UUID libraries generate 32-character UUIDs.
I want to generate 8-character only UUIDs, is it possible?
32 hexadecimals x log2(16) bits/hexadecimal = 128 bits in a UUID. In the version 4, variant 1 type of UUID, 6 bits are fixed and the remaining 122 bits are randomly generated, for a total of 2¹²² possible UUIDs.
Universally Unique Identifiers, or UUIDS, are 128 bit numbers, composed of 16 octets and represented as 32 base-16 characters, that can be used to identify information across a computer system.
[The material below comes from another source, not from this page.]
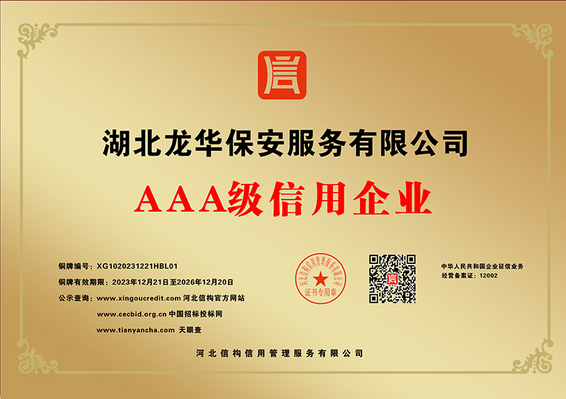 公司管理人员和项目经理、项目队长都是具备大专以上学历的部队复转人员。安保骨干力量均具有5年以上大型保安岗位从业经验和丰富的管理经验,高度忠诚度和使命感是湖北龙华的优势所在。公司自组建以来,不断在前进中探索,在实践中总结,始终坚持“以人为本”“精诚守则”的企业精神,恪守“用我们的专业为您保驾护航”的经营理念,坚持“专业专注、务实高效、品质服务、诚信共赢”的服务宗旨,为客户提供高质量的安全保卫服务。

You can use base64 encoding and reduce it to 22 characters. If you use base94 you can get it does to 20 characters. If you use the whole range of valid chars fro \u0000 to \ufffd you can reduce it to just 9 characters or 17 bytes. If you don't care about Strings you can use 16, 8-bit bytes.
UUID was standardized by the Open Software Foundation (OSF), becoming a part of the Distributed Computing Environment (DCE). Different versions of UUID follow the RFC 4122 specification. UUIDs are generated using an algorithm based on a timestamp and other factors such as the network address.
It is not possible since a UUID is a 16-byte number per definition. But of course, you can generate 8-character long unique strings (see the other answers).
Also be careful with generating longer UUIDs and substring-ing them, since some parts of the ID may contain fixed bytes (e.g. this is the case with MAC, DCE and MD5 UUIDs).